4. The Revenue filed an appeal there against before the Commissioner (Appeals) who set aside the order passed by the Assistant Commissioner. Hence the present appeal.
5. The appellants before us relied upon the earlier decisions of the Tribunal in the case of Parle Beverages Ltd. v. Collector of Central Excise, Bombay, 1998 (61) ECC 529 (Tri) : 1998 (104) ELT 72 (Tri) wherein it was held that straw used in consume FROOTI, is an optional product and the value of the same is not includible in the assessable value of FROOTI. To the similar effect is another decision of the Tribunal in the case of Venkatesh Beverages Ltd, v. Collector of Central Excise, Indore, 1998 (62) ECC 200 (Tri) : 1999 (108) ELT 163 (Tri), laying down that straw is supplied with the fruit juice only to provide convenience to the consumer and the fruit juice is capable of being consumed without use of straw. The Commissioner (Appeals) has distinguished the above orders by observing that in the present case, the appellants were supplying straw with 100% of their clearances whereas in the above referred decisions, supply of straw with the FROOTI was only to the extent of 7.17% to 53.50%.
6. After hearing Dr. Samir Chakraborty, Ld. Advocate for the appellants and Shri T.K. Kar, Ld. SDR for the Revenue, we find that the Assistant Commissioner while dropping the demand of duty against the appellants has held as under:
"The question in the instant case is - (a) whether straw is essential or optional (b) whether the product can be consumed without straw. The straw are supplied with the product to facilitate particular style of drinking "Frooti". The final product can also be consumed in other style without straw. Straw is not an essential and indispensable part of the product. The soft point has been provided in, the packet for piercing the straw for consumers who prefer to drink in a particular way. It can also be drunk without the straw piercing the said soft point. The packet containing the product bears marks with the word "cut here to pour" which clearly establishes that the product can also be consumed without straw and straw is only optional. If the container is cut in the manner printed therein, then no need to use the straw.
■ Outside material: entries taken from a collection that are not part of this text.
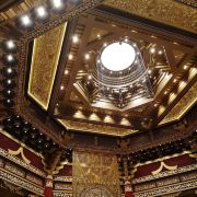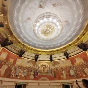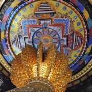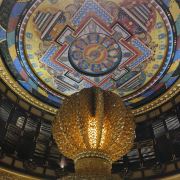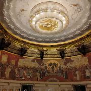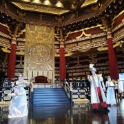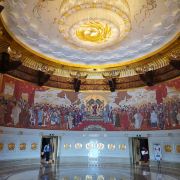 ②二层:接引室,室外石阶会直接通到这一层,南侧石阶铺满假花尤为漂亮。宽阔的大厅顶上绘有一只直径3米的金凤凰,四周墙壁是22米长的壁画《万国来朝》,由中央美院的壁画大师王颖生、孙景波等教授创作,场面大气庄严、雍容华贵
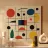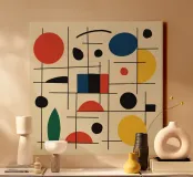 A collection of colorful shapes, specifically circles and lines, create a dynamic composition. The use of primary colors adds a vibrant and modern feel.
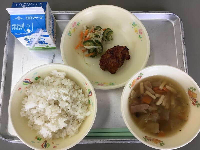 今日の肉団子スープの肉団子は手作りです。鶏ひき肉と卵、でんぷんを混ぜてスープの中に一つ一つちぎって作っています。色々な形があるかもしれません。みなさんのスープの中にはどんな形の団子が入っているでしょう。

Thus straw is not an essential one. It is only an accessory and not an essential part.
Taking all the relevant consideration into account, I pass the following order:-
'Straw supplied separately alongwith the final product is not an essential item and only an accessory. Straw is a bought out item and supplied by specific request of consumer and not forming the part of the final product. Value of straw need not be included in the assessable value.' "
From the above observations made by the Assistant Commissioner, it is clear that the straws are supplied separately alongwith the final product and they are optional items. The Tribunal in the above two cases involving the same product, has held that such straws supplied with Fruit juice are not an integral part of the main product and as such their cost is not includible in assessable value of fruit drink. We note in the case of Venkatesh Beverages Ltd. v. Collector of Central Excise, 1998 (62) ECC 200 (Tri) : 1999 (108) ELT 163 (Tri) that straws were supplied along with the each container. As such distinction made by the appellate authority that straws are being supplied in 100% cases in the present appeal is not justified.
7. Inasmuch as the issue is squarely covered by the above referred decisions of the Tribunal, we set aside the impugned order and allow the appeal with consequential, relief to the appellants.